Structural Biochemistry/Nucleic Acid/Nitrogenous Bases/Pyrimidines
What is a Pyrimidine?
A pyrimidine is a nucleotide (nucleoside + phosphate group) whose basic structure is cyclohexane with Nitrogen atoms positioned at 1 and 3. This molecule is also aromatic, and planar. Pyrimidine is isomeric with two other forms of diazine. Cytosine(C), Uracil(U), and Thymine(T) are all examples of pyrimidines; each with different chemical groups. Pyrimidine attaches itself to a phosphate sugar group such as ribonucleotides(which have a hydroxy group positioned axially at carbon-2) or deoxyribonucleotide(which have a hydrogen atom at C-2) at the 1st Nitrogen.
Correct mistake: 2. It needs carbonyl phosphate synthetase, which is located in the cytoplasm.
1. Unlike in purine, the ring is synthesized first then conjugated after.
2. It needs carbamoyl phosphate synthetase, which is located in the cytoplasm.
3. It also needs an enzyme in order for the reaction to work, but the enzyme should be controlled in 2 steps:
- controlled level at where the reaction occurs & transcriptions must be reduced
- the pyrimidine nucleotides which produces the feedback inhibition level also must be controlled
4. The ring then closes.
5. The C-C bond is formed when the ring oxidizes.

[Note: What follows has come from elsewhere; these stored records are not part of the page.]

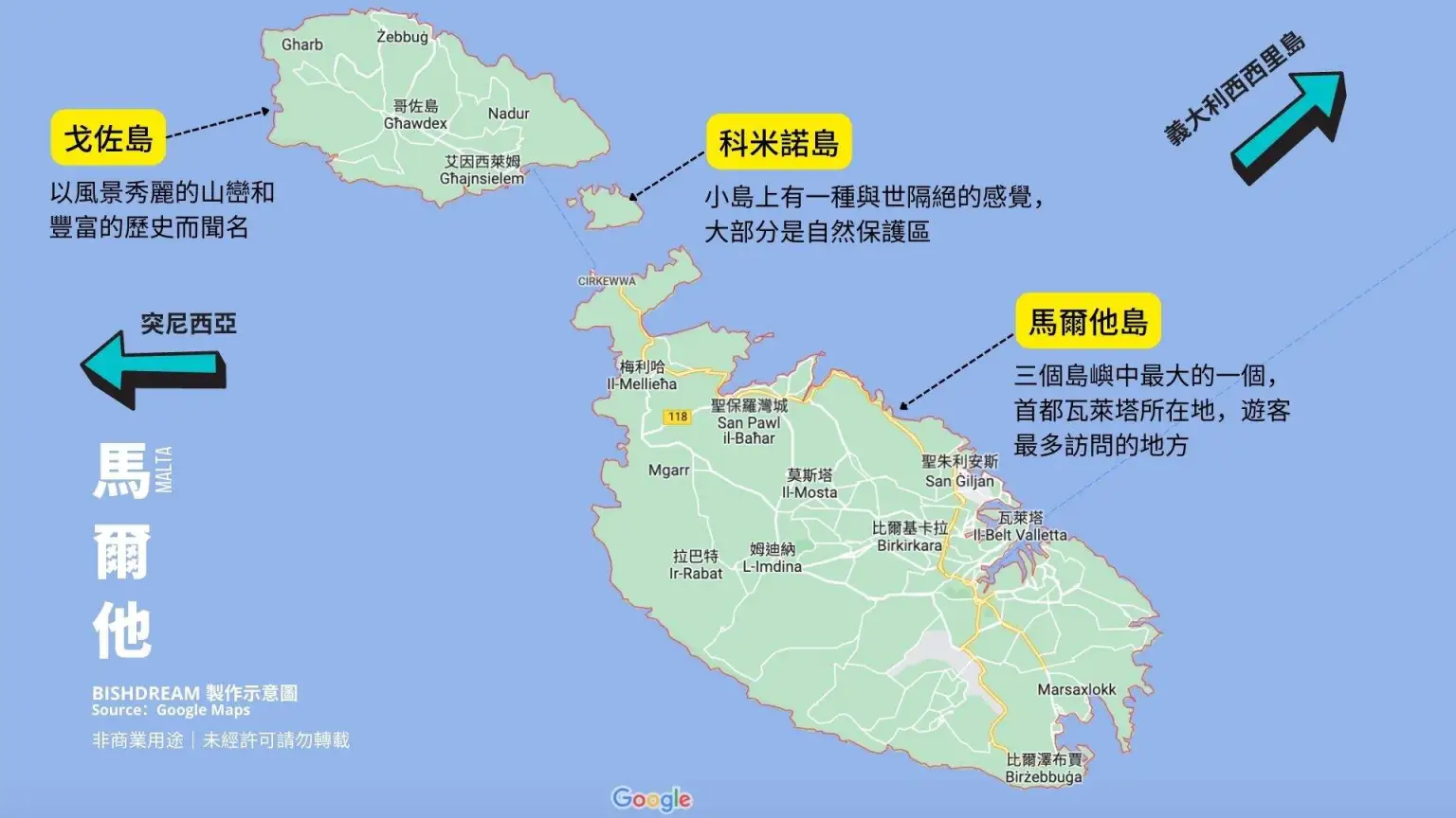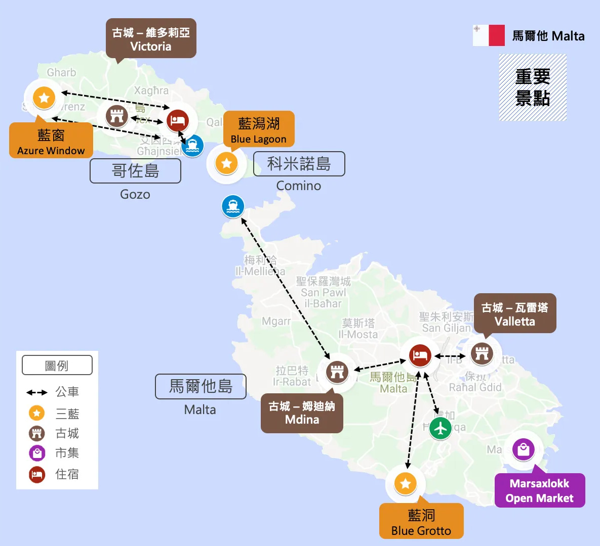 1. 马耳他岛主要城市及景点
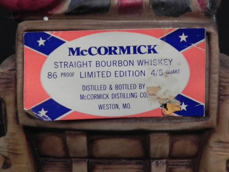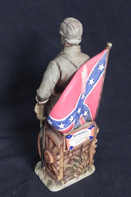 13" ROBERT E LEE CERAMIC VINTAGE McCORMICK WHISKEY DECANTER * * IN FULL UNIFORM WITH CONFEDERATE FLAG ON THE BACKSIDE
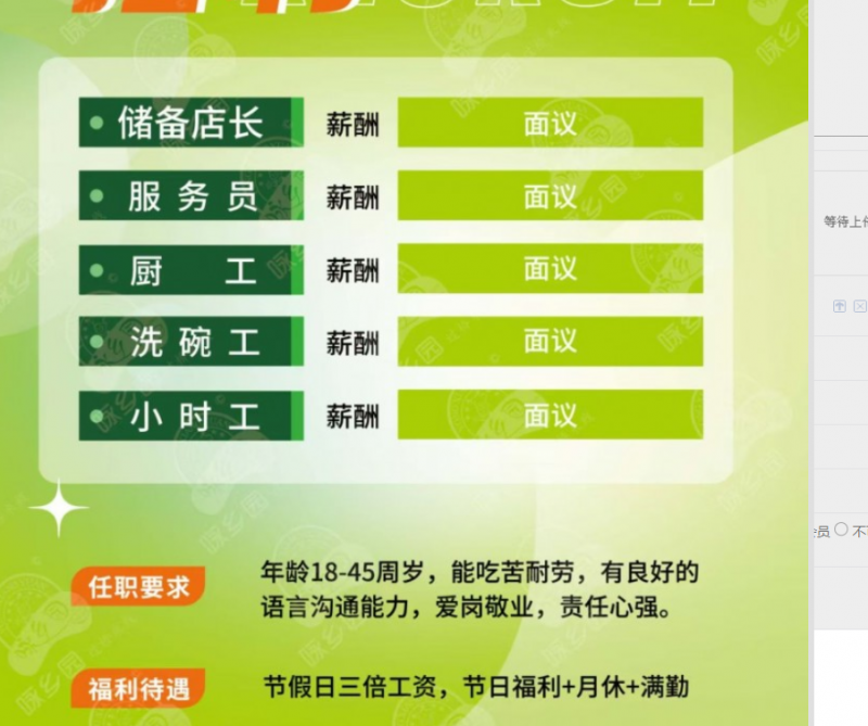 招聘:服务员任职要求:年龄18-45周岁,能吃苦耐劳,有良好的语言沟通能力,爱岗敬业,责任心强。福利待遇:节假日三倍工资,节
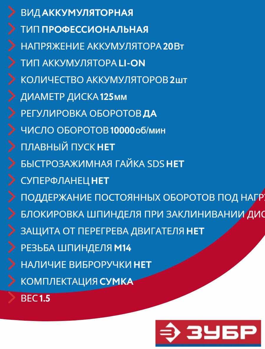 ![Аккумуляторная УШМ ЗУБР AB-125-42 [125 мм] фотография 9](/images/item/51/a3/akkumulyatornaya_ushm_zubr_ab_125_42_125_mm-4720344pic9.jpg)
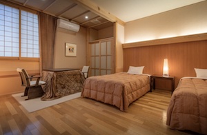 ○障害者対応客室:ユニバーサルデザイン(バリアフリー)に対応したフローリングフロアのツインベットルーム(定員:2名)があり。

Pyrimidine has similar properties to that of pyridines. One similarity is that as the number of nitrogen atoms in the ring increase, the ring pi electrons become less energetic and, as a result, electrophilic aromatic substitution gets more difficult while nucleophilic aromatic substitution gets easier. One example is the displacement of the amino group in 2-aminopyrimidine by chlorine and its reverse reaction. Reduction in resonance stabilization of pyrimidines leads to the addition and ring cleavage reactions, and not substitutions. An example of this is in the Dimroth arrangement. Pyrimidines are less basic than pyridines and the N-alkylation and N-oxidation are more difficult in pyrimidines as well.